Though sociolinguists have an established tradition of addressing social issues related to language inequality, concerns about maintaining and shifting linguistic identity present special challenges for communities—and for sociolinguists committed to the principle of linguistic gratuity. How can sociolinguists collaborate with and support communities in recognizing and supporting a community’s desired outcome related to linguistic identity? We consider this issue by examining the linguist-community collaboration in several different sociolinguistic situations (1) The Eastern Band of Cherokee who speak an endangered American Indian language; (2) The Lumbee Indians of North Carolina who have completely lost their ancestral language; and (3) the Outer Banks community of Ocracoke which is rapidly losing its iconic “Brogue.” Each of these community situations presents a different set of challenges and opportunities for linguistic gratuity.

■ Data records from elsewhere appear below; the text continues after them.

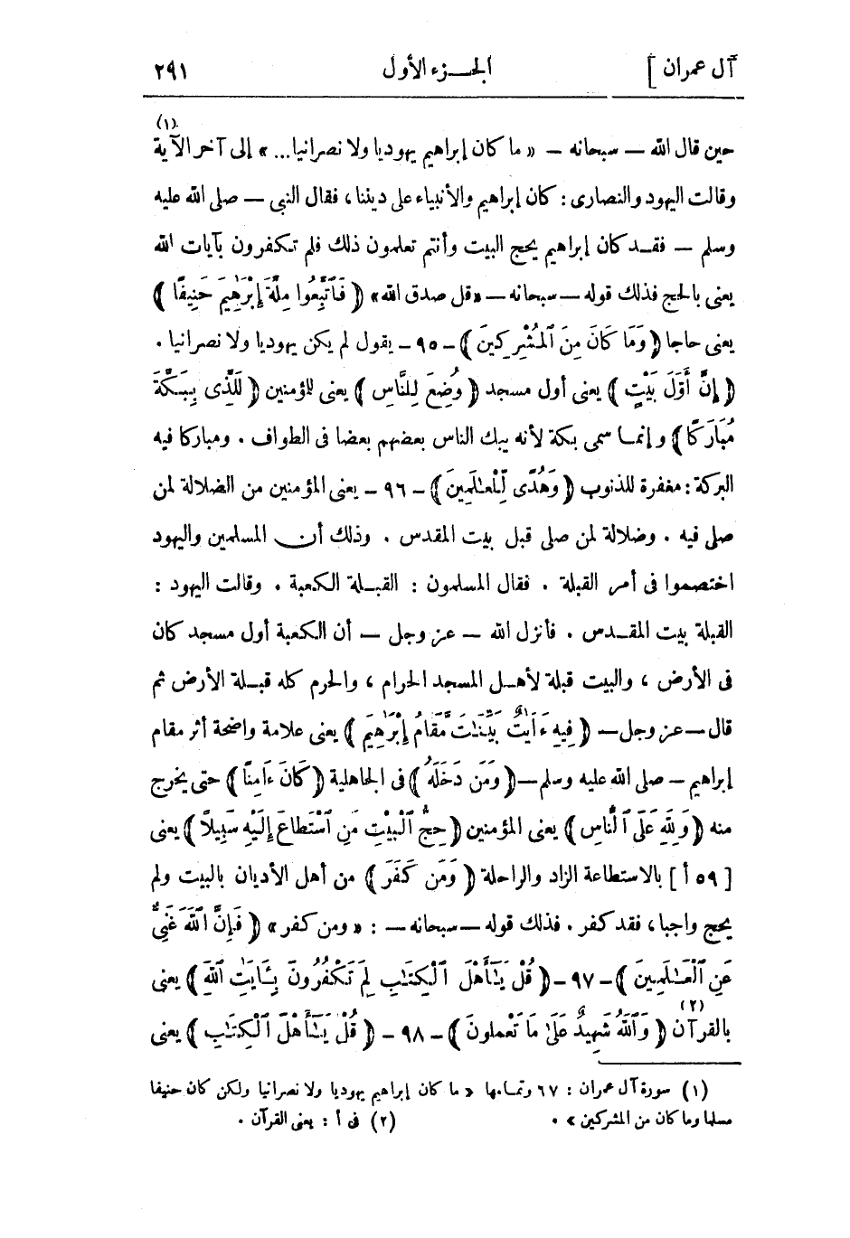 (1) سورة آل عمران: 67 وتمامها مَا كانَ إِبْراهِيمُ يَهُودِيًّا وَلا نَصْرانِيًّا وَلكِنْ كانَ حَنِيفاً مُسْلِماً وَما كانَ مِنَ الْمُشْرِكِينَ.
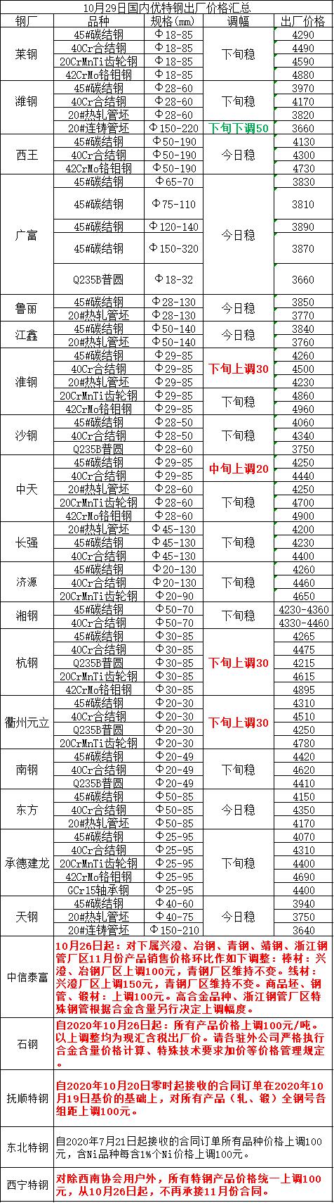 钢厂方面:今日凌钢对东北地区碳结钢、合结钢、齿轮钢、Q355B上调20元,华北地区碳结钢、合结钢、Q355B上调20元,山东地区碳结钢、合结钢、Q355B上调20元,其他品种价格不动。
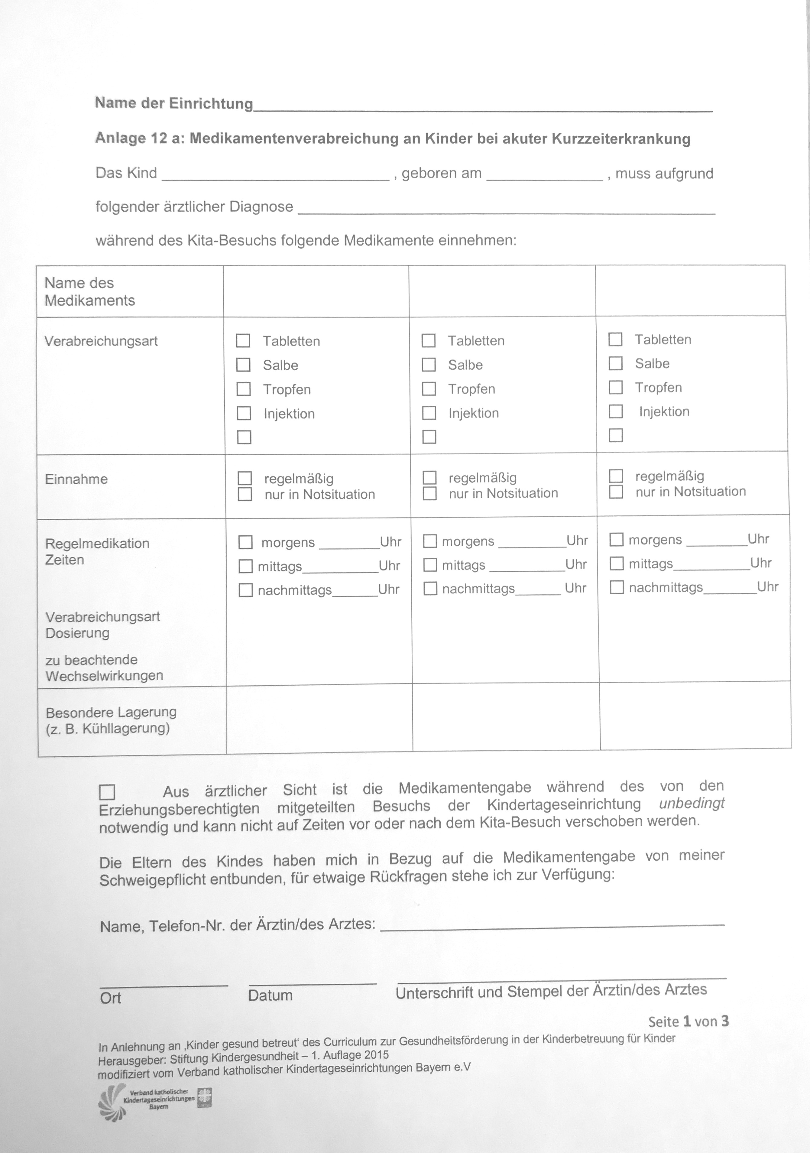 Anlage 12a: Medikamentenverabreichung bei akuter Kurzzeiterkrankung
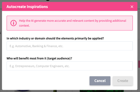 Clicking the option opens the Autocreate modal, where you are prompted to provide some input on the target industry or domain, and target audience. Together with the Title and Abstract information of the underlying parent element, the AI will utilize these as context information to autogenerate child elements. Once you have entered your inputs, confirm the generation of the elements by clicking Create.
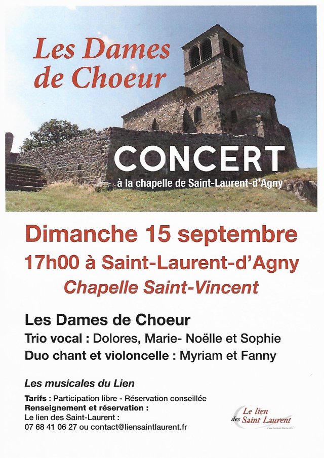 « Les Dames de Chœur » donneront un concert le dimanche 15 septembre prochain à 17 h, dans le cadre des « Musicales du Lien », à la chapelle Saint Vincent de Saint-Laurent-d’Agny.
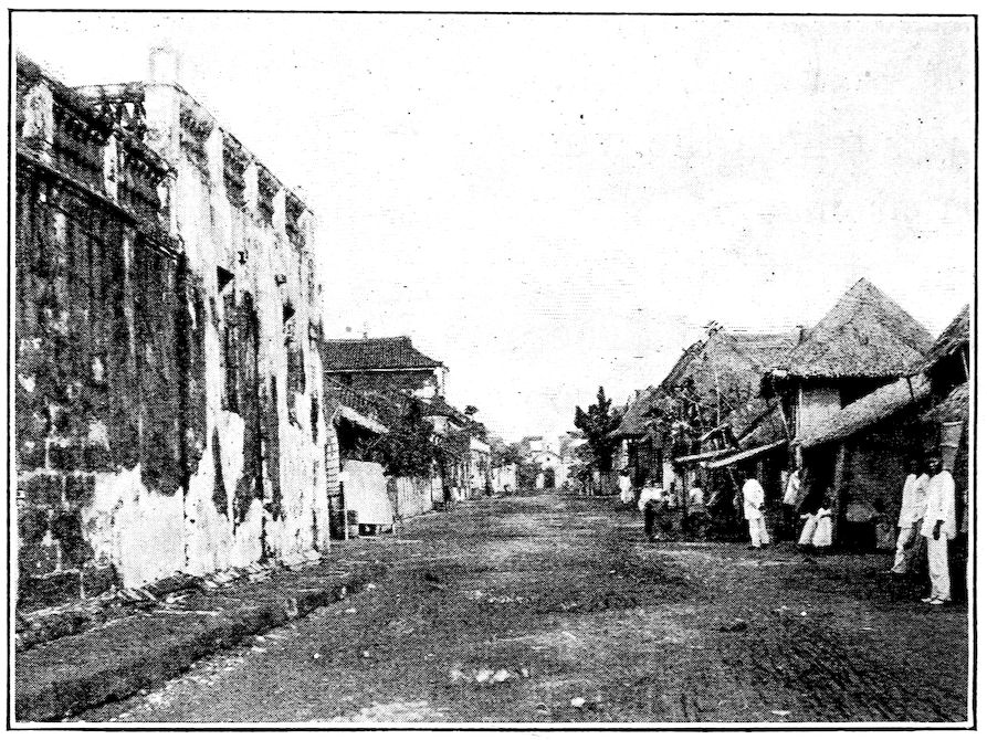 In the cities of Europe and America there are great sewer systems to take the waste and refuse from the houses and carry it far from the city. The sewers empty into the sea or into drainage canals, and thence to points where the sewage can be destroyed so that it will not endanger life. The city of Manila has some sewers. We can see the openings into them in the streets. They are small, square openings, covered with stone. But the sewers that run through the streets empty into the open moat that surrounds the walled city! It will become necessary, before many years, to fill this 86moat, to save the people of Manila from being killed by the gases that rise from it.
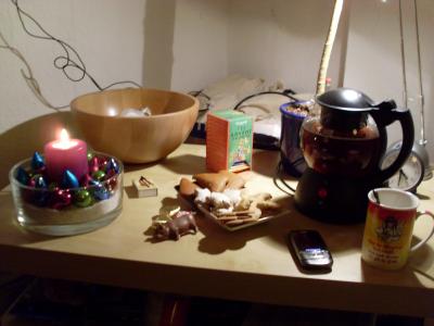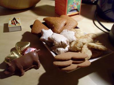 Lebkuchen (schön weich), Zimtsterne (mit Kruste und herrlich weichem Kern) & Zimt-Schoko-Hörnchen (lecker), Pfefferkuchen (dänischer Import) & Mürbeteigplätzchen (zergehen auf der Zunge). Die Popcorn-Erdnuss-Hügel werde ich vermutlich erst nächste Woche machen, zusammen mit den Schmalznüssen (sofern mir eine gewisse Mutter nochmal das Rezept zukommen lässt...).
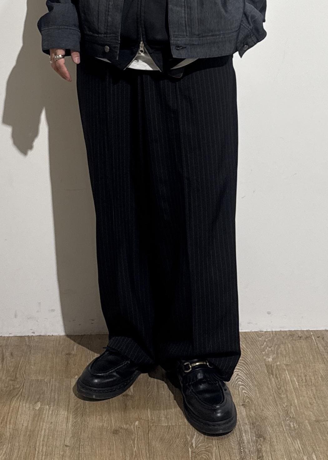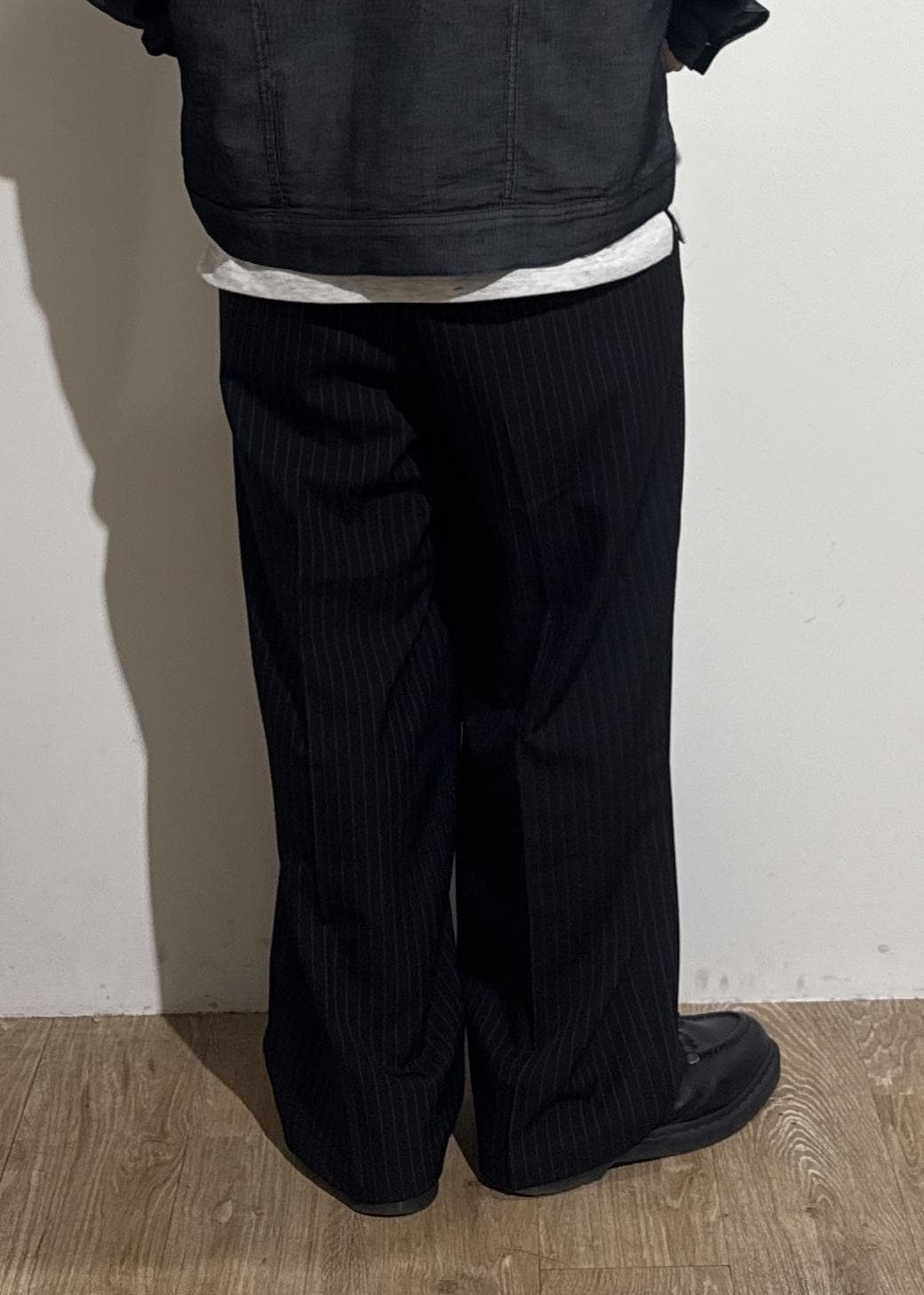 ヒップからワタリにかけてゆとりを持たせ、裾までストレートに落ちるモード感のあるシルエット。
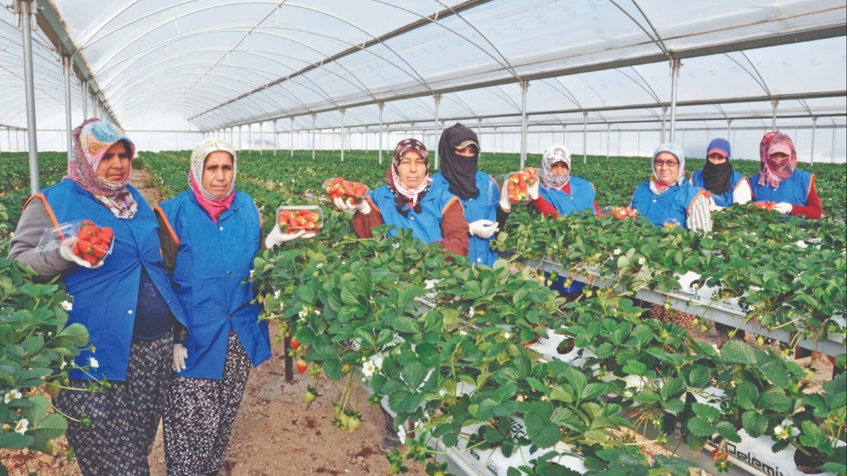 Mersin'in Silifke ilçesinde örtü altında topraksız yetiştirilen çilekler toplandı.

In the case of the Cherokee, the community’s goal is to revitalize the Cherokee language now spoken almost exclusively by a couple hundred speakers over the age of 50. The challenge of the Lumbee, however, is gaining positive recognition for a unique variety of English that has replaced their ancestral language in indexing their identity, while the challenge on the island of Ocracoke is documenting and preserving the once-vibrant dialect of English whose recession appears imminent. The collaborative experience in each of these communities has been quite different, but there are also some unifying principles of collaboration and some common activities that have characterized these efforts. We identify some of the underlying factors that promote success in such collaborative efforts, including the linkage of language with cultural identity, the status of language in constructing a sense of place or Heimat, and the role of language in establishing historical tradition and political ideology. We also present illustrative examples of formal and informal educational materials that have been created with communities to promote linguistic identity in changing sociolinguistic circumstances, including documentaries, exhibits, school curricula, and social media.